Enquanto Ela Dormia - Naiane Nara
Cinco. Cinco vogais. Cinco sentidos. Cinco amigos. Cinco escritores. Camila, Meg, Morphine, Naiane e Natasja, esse é o Clube dos Cinco. Eles se reúnem à meia-noite em volta de uma fogueira, abrem uma boa garrafa de vinho e contam histórias.
Naiane Nara ergueu sua taça e disse de modo solene: “Declaro iniciada a reunião do Clube dos Cinco. Espero que apreciem a minha história”.
Enquanto Ela Dormia
Naiane Nara
*conto inspirado no quadro O Pesadelo de Henry Fuseli
Preciso
me conter para poder assistir o maravilhoso espetáculo. Seu corpo em deliciosa
negligência me tenta de mil maneiras diferentes, mas me mantenho parado a
observar. Cada ocasião faz ser diferente, cada vez é sempre como se fosse a
primeira.
Suspiro,
tentando conter um arquejo de satisfação. Sua pele é tão linda e aconchegante.
Sempre escolhe as posições mais engraçadas do mundo para dormir e ainda assim
permanece encantadora. Como isso é possível?
Hoje
está com as pernas em formato de quatro, um braço embaixo do travesseiro e o
outro em um estranho ângulo, dobrado em si mesmo. Sorri levemente e meu coração
se derrete de novo, como na primeira vez em que nos encontramos, você lembra?
A
praia ganhava tons de vermelho róseo naquele entardecer. Eu estava deitado na
areia observando o céu, quando me sentei para poder apreciar o vinho que havia
trazido e voilá: meus olhos pousaram em você e nunca mais fui o mesmo.
Você
encarava o horizonte com ternura e sua pele morena estava dourada pelo Sol que
ousou te tocar. Quando finalmente me olhou de volta decidi que ninguém mais
voltaria a te tocar, você era minha.
Mas
amor, penso tanto nas coisas que não diz. Nos silêncios prolongados no meio da
noite, nas vezes em que seu sorriso lindo não chega aos olhos. Pensará acaso
que estar unida a mim te priva dos prazeres de estar com outras pessoas?
Não
te dou motivos para isso, minha princesa. Você é a divindade do meu templo e te
protegerei da profanação do toque dos outros, até mesmo dos olhares. Ah, como
os olhares incomodam, queimam, ardem como brasa. No início, você os rejeitava,
hoje já não tenho tanta certeza…
Amor,
pensa em estar com outros homens? Pensa naqueles amigos que em suas palavras
são apenas amigos, mas que talvez em sua mente sejam algo mais? Eles com
certeza pensam em muito mais. Você é linda demais para pertencer a um único
homem. Linda demais para que o homem que te tenha não viva o inferno a todos os
minutos por medo de te perder para os outros.
Não
posso me descontrolar, sinto repulsa pelo que se move dentro de mim ao sabor
desses pensamentos. Vou te admirar na adoração do silêncio desta madrugada, vou
rir das posições engraçadas que se coloca ao dormir e te despertarei com um
beijo doce e suas frutas prediletas ao primeiro sinal da manhã.
Suas
mãozinhas sinuosas se juntam e se aninham em seu peito, bem perto do coração.
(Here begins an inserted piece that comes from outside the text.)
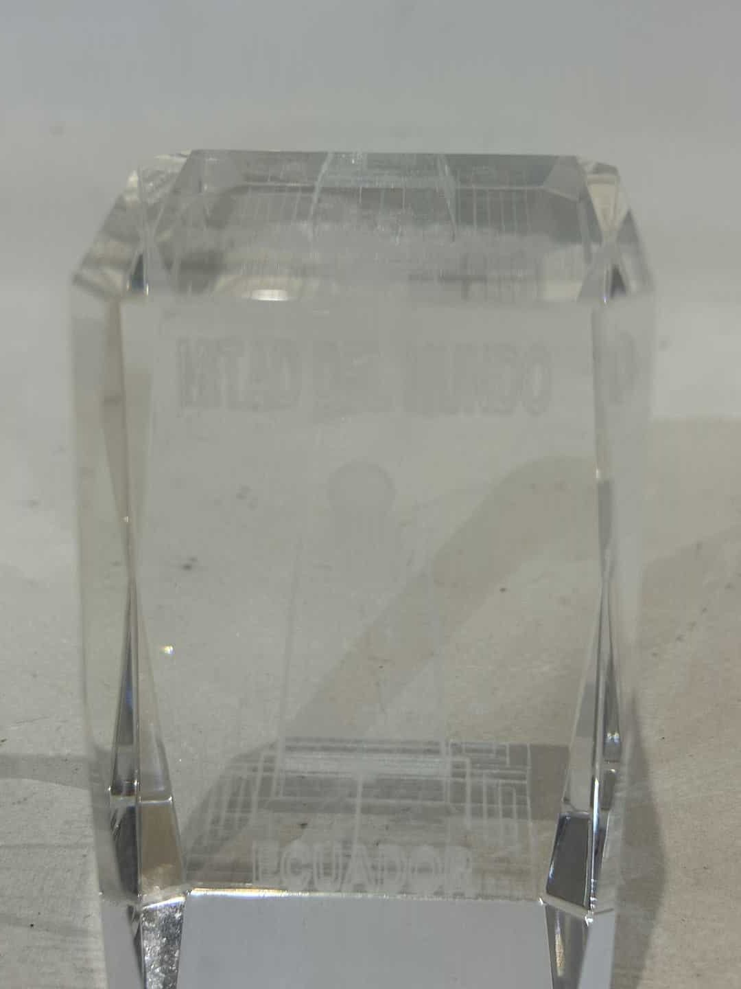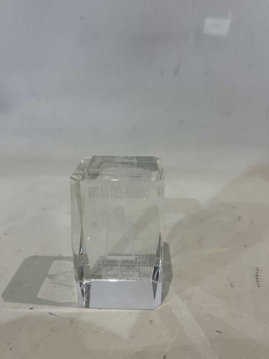 Συλλεκτικός γυάλινος κύβος 3D MITAD DEL MYNDO – ECYADOR , μαζί με κόκκινη θήκη 8×5

Seus lábios ensaiam novamente um início de sorriso; é tão inocente a expressão
do seu rosto! Como eu poderia duvidar, meu bem, de que é minha e quer estar
apenas comigo? Te manterei a salvo dos homens desse mundo podre e de seus
desejos sujos, pode ficar tranquila.
Gostaria
de ter filhos com você. Com certeza seriam deslumbrantes as nossas crianças…
Mas a minha condição física não permite. E se não é possível que eu seja o pai
dos seus filhos, não será mãe enquanto respirar, o que é realmente algo a se
lamentar. O mundo precisa dos seus genes, da sua beleza, do seu calor.
Mas
você é minha, e só irá onde eu for, não é mesmo, meu grandioso amor?
Seus
longos cabelos se espalham deliciosamente pelos lençóis. Não me contenho e me
aproximo para sentir melhor o seu perfume. Quero tocá-la e fazer com que seja
minha mais uma vez, mas te despertar de seu sono me parece um sacrilégio sem
fim.
Todavia,
sua boca se move em um sussurro e escuto o que jamais desejaria. Por que seu
cheiro teve que ser tentador ao ponto de querer me aproximar? Se estivesse só
te admirando longe, talvez não tivesse ouvido. A quem estou tentando enganar?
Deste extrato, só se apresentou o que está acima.